*Your goal:* Please take the records that follow and repeat exactly the lines starting with the line with "[ED3000] プライベートレーシングによる45分耐久レース" and going on through the line with "[Pobištvo iz ormoškega".

BEGIN Task material

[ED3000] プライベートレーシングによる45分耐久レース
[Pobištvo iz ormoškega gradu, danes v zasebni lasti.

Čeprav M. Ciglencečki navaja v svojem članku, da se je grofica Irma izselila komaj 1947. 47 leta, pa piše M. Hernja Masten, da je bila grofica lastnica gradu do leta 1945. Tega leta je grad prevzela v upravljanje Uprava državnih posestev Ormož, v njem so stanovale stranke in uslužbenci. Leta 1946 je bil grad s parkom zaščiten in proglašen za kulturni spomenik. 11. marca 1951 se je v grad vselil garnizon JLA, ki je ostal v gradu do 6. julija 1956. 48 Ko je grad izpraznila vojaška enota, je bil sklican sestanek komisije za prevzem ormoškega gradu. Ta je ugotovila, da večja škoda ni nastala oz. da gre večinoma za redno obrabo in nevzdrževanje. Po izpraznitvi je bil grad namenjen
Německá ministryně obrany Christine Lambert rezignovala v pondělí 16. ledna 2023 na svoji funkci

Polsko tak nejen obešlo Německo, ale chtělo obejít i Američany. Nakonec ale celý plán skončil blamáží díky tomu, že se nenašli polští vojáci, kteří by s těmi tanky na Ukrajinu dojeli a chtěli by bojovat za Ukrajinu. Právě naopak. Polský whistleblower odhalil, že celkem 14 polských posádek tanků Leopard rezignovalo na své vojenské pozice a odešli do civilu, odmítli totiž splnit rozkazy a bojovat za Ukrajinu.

END Task material
BEGIN Task material

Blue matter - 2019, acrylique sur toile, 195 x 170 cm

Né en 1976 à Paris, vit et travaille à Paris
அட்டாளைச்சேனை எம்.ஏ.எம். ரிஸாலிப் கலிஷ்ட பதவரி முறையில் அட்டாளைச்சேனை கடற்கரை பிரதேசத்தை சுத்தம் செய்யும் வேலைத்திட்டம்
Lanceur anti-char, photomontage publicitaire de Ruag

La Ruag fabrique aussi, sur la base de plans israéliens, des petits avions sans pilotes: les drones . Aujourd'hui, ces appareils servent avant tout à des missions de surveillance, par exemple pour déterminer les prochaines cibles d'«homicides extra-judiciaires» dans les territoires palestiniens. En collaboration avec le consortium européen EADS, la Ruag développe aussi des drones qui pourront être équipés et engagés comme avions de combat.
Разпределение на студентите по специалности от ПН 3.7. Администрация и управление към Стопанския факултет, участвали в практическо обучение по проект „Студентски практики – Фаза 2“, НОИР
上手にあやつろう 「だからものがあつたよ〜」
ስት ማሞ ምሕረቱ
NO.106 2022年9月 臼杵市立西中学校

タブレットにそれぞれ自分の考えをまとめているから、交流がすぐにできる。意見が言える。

END Task material

*Written answer:*
[ED3000] プライベートレーシングによる45分耐久レース
[Pobištvo iz ormoškega gradu, danes v zasebni lasti.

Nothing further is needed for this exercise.